When you zoom out from your regular perspective of the world, it’s easy to find connections everywhere you look. So-and-so knows so-and-so who introduces you to so-and-so…much like Kevin Bacon, we’re all probably separated by six degrees or less to others in ways we’d never imagine possible. Such is the story of how Nashville-based Americountry duo Stranger Friends came to be.
Oklahoma native John Martin and Florida-bred Jamie Floyd met in Nashville years ago for a chance co-writing session–everyday business in the Music City. Recently, Martin had the opportunity to write a song for a movie through a family connection. “I got my hands on the script, and it was unbelievable. I was so inspired. I didn’t know how the process worked, so I wrote one song, but I knew there was more there. It’s an independent film, and no one was in charge of the music. I knew we had to give them more,” Martin recalls. “Jamie has had a lot of success writing for film and t.v. movies, and she was the first person I called.”

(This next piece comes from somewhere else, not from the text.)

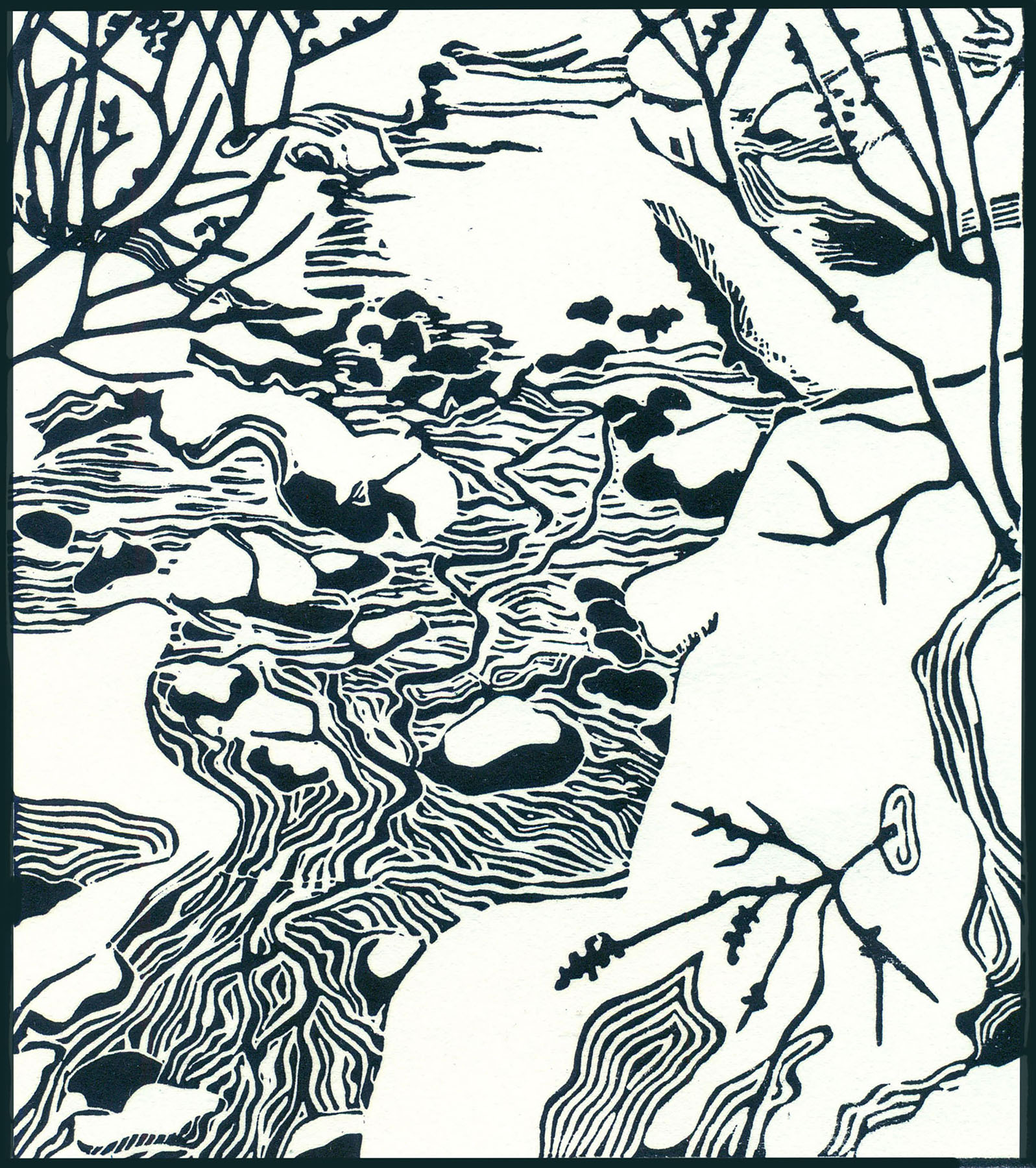 The silence of freshly fallen snow, a silence cut only by the gentle murmur of the stream weaving through the snowbanks.
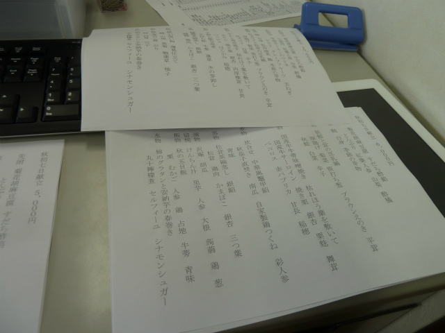 昨日の24日 お得意様の秋料理試食会に参加して来ました。

Over the course of several weeks, the pair recorded a set of songs in a garage, which they believed were just demos that another artist would perform for the film. Those demos ended up being used for the movie; the movie, Dog Years, starring Burt Reynolds, premiered at The Tribeca Film Festival in April, and has been winning awards and acclaim ever since. Martin and Floyd were asked to perform in a scene in the film, and quickly assembled a group of players for the shoot. “We realized that this was the sound of a band, not just two songwriters writing for a movie,” Martin says. “We needed to run that down, and found a sound that was unique to us.” “We started writing an EP to develop our sound together, and wanted to have some music out there before the movie comes out so people can get to know us,” Floyd adds of their recent self-titled release. The album houses five tracks:
“Country Song,” written about the hustle and bustle of Nashville, and “Sacred Garden” was inspired by a walk in Salt Lake City. “We came upon this garden in a graffitied alley, kind of hidden away,” explains Floyd. “The graffiti scrawled across the wall said ‘Sacred Garden’ and we came up with a melody that sounded like that place to us.” “The talent of the session players in this band is outstanding. Whenever we play this song, I feel like we’re The Beatles,” laughs Martin. “We also stole a chord from a Harry Styles song.” For “I Ain’t Dead,” Martin asked Floyd to come up with some dark finger-picking riffs to match the title she already had for the song. “If you’e ever been written off, this is the song for you,” Martin levels of the track, which features ambient backyard sounds and auxiliary percussion in the form of a propane tank. “It was the song that got us in the door to work on the movie. It’s the song that made us realize we had something.” “November & June” is the second song they ever wrote together; it covers their history, and shows their development. After they finished the soundtrack for Dog Years, “Don’t Get Back Up” was one of the first songs created for the EP. “It’s so simple, but it’s awesome,” says Floyd. “John captured that simplicity with depth with one line, ‘When you fall in love, don’t get back up.’ It’s a great example of our songwriting language and what we’re trying to accomplish lyrically.”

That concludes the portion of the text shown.